Нередко он на следующий день походил ко мне со словами: – Скажи-ка, мой дорогой, я снова нашел в рукаве моего мундира ассигнацию!
- Ах, чего только не бывает, Иван.
- Позволь мне задать менее скромный и нерешительный, чем любопытный вопрос: эти деньги, к примеру, не от тебя ли?
- Нет, совершенно исключено!
- Тогда, однако, от того, кто оплатил мой счет за продукты у Исламкуловых, да? Ты хочешь заставить меня поверить в привидения, чудеса и сверхъестественное? Нет, нет, со мной такого не получится, я же, мой дорогой, не дохожу до бреда, даже если сердце и доставляет мне большие хлопоты.
- Я ничего не знаю, Иван, я этого не делал.
- Ты великолепный парень, Крёгер, ты не делал этого? И ты говоришь это с таким честным выражением лица? И Иван грозил мне пальцем, толстым как сосиска. – Но, странно, что у меня дома или в другом месте, где я тоже вешаю свой мундир, деньги никогда не попадают в рукав, а только тогда, когда я был у тебя. Смотри, смотри, ты уже смеешься, значит, я прав! И через некоторое время он лукаво подмигивает: – Если честно, Федя, знаешь, между нами, я вовсе не сержусь на тебя из-за этого. У тебя ведь всего достаточно, больше чем достаточно.
- Тогда все в порядке, дорогой мой Иван!
Если Иван Иванович задерживался у меня, никто не мог помешать ему. Если прибегал полицейский с каким-либо сообщением, то он нежно на него рычал. Одной рукой он грозил ему бутылкой, а другой бросал наполовину выкуренную сигарету в незваного гостя.

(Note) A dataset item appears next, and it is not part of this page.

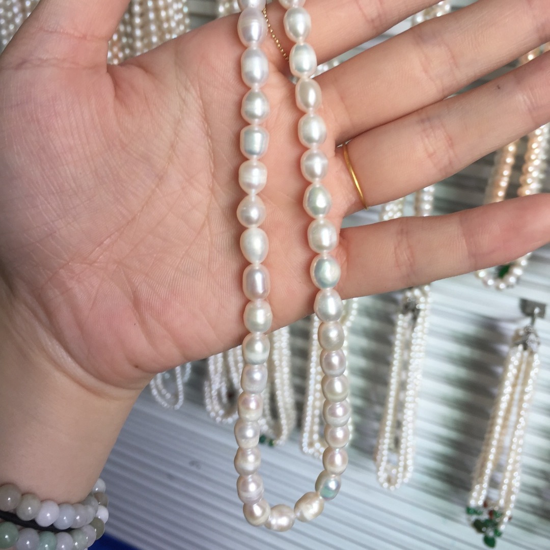 Collar de Perlas Natural de Freshwater, Perlas cultivadas de agua dulce, Patata, Joyería, Blanco, 6-7mm, longitud:45 cm, Vendido por Sarta

- Сейчас у меня нет времени, разве ты не видишь? Уходи! Никогда не нужно мешать человеку, когда он пьет, это не идет ему на пользу. Твое донесение может подождать, я сейчас приду!
Сначала жена полицейского капитана серьезно злилась на меня, так как ее муж приходил домой только в моем сопровождении и в прошлое время, к сожалению, нередко в довольно неподобающем виде. Я заботился о том, чтобы это происходило, по возможности ночью, чтобы всемогущий не утратил своего ореола у населения. Так как для меня дружба этого мужчины была исключительно важна, я должен был радовать также его жену мелочами всякого рода. Я дарил ей самые сладкие как сахар романы, которые она читала снова и снова с никогда не кончающимся воодушевлением, особенно, если в них двусмысленными словами изображались эротические моменты. Я дарил ей духи и сладости, потом у братьев Исламкуловых была особенно подходящая для нее ткань, которую никто, пожалуй, кроме нее не мог бы носить в Никитино; теперь она была полностью в восторге от меня, и у маленькой женщины всегда возникало пикантное ощущение, когда мы только вдвоем были в квартире или когда я провожал вечером ее домой. Она тогда сентиментальным голосом утверждала, что у меня было поразительное сходство то с одним, то с другим героем романа. Так мы тоже снова стали действительно хорошими друзьями, но обещание, которое она когда-то дала мне, и его выполнение я снова и снова умело отодвигал.
Еще одного человека я причислял к моим друзьям, генерала, который в дни своей старости впал в немилость, Иллариона Николаевича Протопопова, коменданта лагеря военнопленных. Он происходил из действительно хорошего общества, но он ничего больше не хотел знать о мире. Идеалом его было «умереть как седой солдат на ответственном посту в дикой местности и быть погребенным незаметно и без шума», и тогда «только простой крест» должен был украсить его могилу.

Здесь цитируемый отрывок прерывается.